Causes of hypokalaemia

Intracellular shift

– Alkalosis

– Insulin e.g. during IV infusion in DKA

– Re-feeding syndrome

– Medications (Salbutamol, theophylline, etc)

– Hypokalaemic periodic paralysis


Increased renal losses

– Renal tubular acidosis (proximal or distal)

– Congenital adrenal hyperplasia

– Renin secreting tumors

– Gitelman syndrome & Bartter syndrome

– Drugs (loop and thiazide diuretics, aminoglycosides, corticosteroids)

– Ureterosigmoidostomy

– Mineralocorticoid excess (Cushing syndrome, hyperaldosteronism)

– Hypomagnesemia


Increased Extra-renal losses

– Diarrhea, Laxative overuse

– Vomiting, nasogastric suction

– Potassium binding resins (sodium polystyrene sulfonate)


Decreased intake or low stores

– Malnutrition, Anorexia nervosa

– Parenteral nutrition with less Potassium


Clinical Presentation

Symptoms are nonspecific but can be related to muscular weakness or cramps or cardiac dysfunction.

Severe hypokalaemia (K <2.5 mmol/L) may cause muscle weakness (neck flop, abdominal distension, constipation, ileus) and produce cardiac arrhythmias.

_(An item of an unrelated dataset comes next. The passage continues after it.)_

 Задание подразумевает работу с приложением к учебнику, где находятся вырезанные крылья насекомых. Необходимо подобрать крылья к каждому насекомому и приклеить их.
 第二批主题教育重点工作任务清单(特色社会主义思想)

– Presence of hypertension suggests hyperaldosterone state, renal artery stenosis or glucocorticoid excess.

– Relative hypotension and alkalosis suggests diuretic use, or a tubular disorder like Gitelman syndrome.

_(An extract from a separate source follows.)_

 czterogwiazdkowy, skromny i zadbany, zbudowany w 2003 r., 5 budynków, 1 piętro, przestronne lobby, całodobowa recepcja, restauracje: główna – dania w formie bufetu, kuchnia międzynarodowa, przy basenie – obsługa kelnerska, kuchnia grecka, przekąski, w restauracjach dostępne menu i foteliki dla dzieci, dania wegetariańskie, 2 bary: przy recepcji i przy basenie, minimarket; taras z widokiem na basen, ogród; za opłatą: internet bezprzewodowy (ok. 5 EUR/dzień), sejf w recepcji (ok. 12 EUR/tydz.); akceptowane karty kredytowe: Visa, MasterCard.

– If Hypokalaemia & Metabolic Acidosis, consider Diarrhoeal losses / Renal Tubular Acidosis / DKA

– If Hypokalaemia & Metabolic Alkalosis, consider persistent vomiting (e.g. Pyloric Stenosis) or NG free drainage losses; or diuretic use; or Bartter and Gitelman syndromes.


-Life threatening complications of severe hypokalaemia: arrhythmias, rhabdomyolysis, diaphragmatic weakness, and paralysis


Investigations

– Repeat U&E with a ‘good sample’ to ensure hypokalaemia is true

– Also check renal function, acid-base status & Magnesium level

ECG changes include flattened T wave, depressed ST segment, and the appearance of a U wave (after T wave), Heart block, SVT or Ventricular fibrillation.


Treatment

– Reduce ongoing loss

– Consider reversible causes e.g. Salbutamol

– If diuretic required, change to a potassium sparing diuretic

– ACE-inhibitor useful in Gitelman and Bartter syndromes


Oral Potassium replacement for mild to moderate hypokalaemia with 2-4 mmol/kg/ day in 3 or 4 divided doses (maximum 20mmol per dose)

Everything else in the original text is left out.